Success without repeated and continuing failure is simply a myth. If you want to succeed, start by failing faster. And keep doing it. Just so long as you don’t fail the same way twice, you can’t help but learn something in the process. In time, you won’t be able to avoid success. Sooner or later you’ll learn so much that you start failing to fail. Get bad enough at failing and folks will start calling you lucky.

This little rant was inspired by a clip for Nike by Michael Jordan. We should all be so “lucky”. http://www.youtube.com/watch?v=45mMioJ5szc&feature=youtu.be

“A man can fail a million times, but is not a failure until he blames others.”

10,000 SEO Questions and the Nature of Trees

In the coaching program that Dan Thies and I run together (The SEO BrainTrust) we answer several dozen questions a week between our 90 minute Q&A calls and our Platinum Member Podcasts. In a year we should answer a thousand questions between us and we’ve been teaching this stuff for 10 years — 10,000 questions :-).

A few days back I had a chance to explain how it is we do that. In the answer is a lesson not just about SEO, but learning in general.

Consider these questions:

  • “For an affiliate link that I cloak on my domain in the .htaccess file, should I nofollow that link or do I not need to because the link is on my own domain?”
  • “I use a tracking code on my banner ads. Do these links still provide ranking benefits to my site?”
  • “Does leaving off the trailing ‘/’ on my domain name make a difference?”
  • “I want to link into the middle of a page (using an anchor like /page.html#bookmark). Does this link pass PageRank to the page?”

All good questions, and all seemingly different, until you understand how URLs work and then all these questions are really just variations of a single issue.

Questions are much like the leaves of a tree. Taken alone, they are numerous and seemingly not related, but when you focus instead on the branches, whole groups of leaves are seen to be connected.

Technical topics — SEO included — are rich with this “deep structure” where a relatively smaller number of core concepts give rise to many hundreds or thousands of observable phenomenon. By coming to understand the reasons why things work the way they do, future questions can be fit into already understood areas — new leaves placed on already discovered branches. It is this degree of understanding that constitutes real mastery.

Frank Kern’s 4 Day Cash Machine

In just a few days, Frank is coming out with the mother of all list building courses — List Control. This will be a fantastic product. Why? Anyone can build a list — all that takes is an opt-in form. What separates Frank from everyone else is how he builds a relationship to the people on his list. Approaching your list as people, not just email addresses, changes everything.

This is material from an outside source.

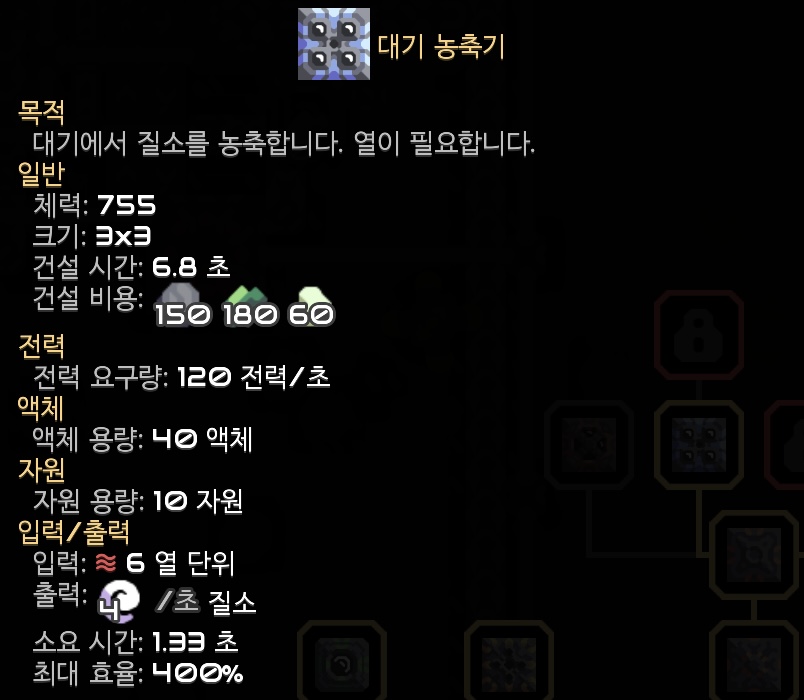 질소를 만들어 내는 대기 농축기입니다. 질소가 없어서 기체 화물 적재소를 사용하지 못했었는데, 지역 안내에 명시된 대로 이번에 사용이 가능할 것 같습니다.

As part of the promotion, Frank is giving away “4 Day Cash Machine”. I bought this as part of Mass Control and have actually used it once or twice. It works. If you have any list at all, here’s a plan: get this freebie; use it; spend (some of) the money you make to buy List Control.

Here’s my completely undisguised affiliate link to get 4 day cash machine. Enjoy.
https://smithkern.infusionsoft.com/go/4daycash/a812/

SEO Football

American football is a frankly brutish game mirroring in a general sense the foreign policy most of our presidents project — but I digress — it also has something to teach us about SEO, which I’ll try to confine myself to for the rest of this post.

I do not follow this game, or any game where I am mere spectator, but an upbringing in “the states” leads unavoidably to some amount of exposure to the sport and there is one really common football metaphor used in business that describes SEO as well.

There are essentially two ways to take the ball down field — running and passing. In regards passing there are two variants, the short distance (screen) pass and “the long bomb”.

The long bomb is the quintessential “silver bullet” — in one play you move dozens of yards, and in the perfect scenario, pitch it straight into the end-zone for a score. Almost everyone in the Internet Marketing space is looking for the long bomb … and to mix metaphors … that’s what they usually get: a bomb!

Because the long bomb is a hard thing to get right. It takes protecting the quarterback longer than it seems should be possible, a receiver that is not completely covered by a defender, exquisite aim and a perfect catch. If you miss, you have gained nothing and lost a “down” or worse still you could be intercepted and find yourself now playing defense. Not a happy set of alternatives

The running game by contrast is slow, hard, dirty work. The expression used is “four yards and a cloud of dust” — a reference to the yardage you have to gain to be awarded the privilege of doing it all over again. Oh joy! Yet another beating and more AstroTurf burns.

The ground game is ugly and brutal and will kill you if you do it enough but it is far more certain than passing. Where the bomb is one of finesse, the running game is one of brute force against force. You just “grind it out”. Nobody in the IM space is interested in grinding it out … but the bald truth of the matter is this: grinding it out is really the ONLY game in SEO. The long bomb is just a bomb.

Football players get paid millions of dollars a year to do a job that, despite the surface celebrity appeal, is an ugly, painful job. Their pay first reflects the willingness and ability to do what most people would not consider doing and second the enormous entertainment marketplace that they serve. What football players do is “create content”.

Just as sure as your content on the web attracts search traffic to your offers, the drama of football attracts eyeballs to TV screens. So anytime you find yourself complaining about building more content, make a picture of a running back getting his knee injected with Cortizone so he can finish the game. Writing seems suddenly much less painful.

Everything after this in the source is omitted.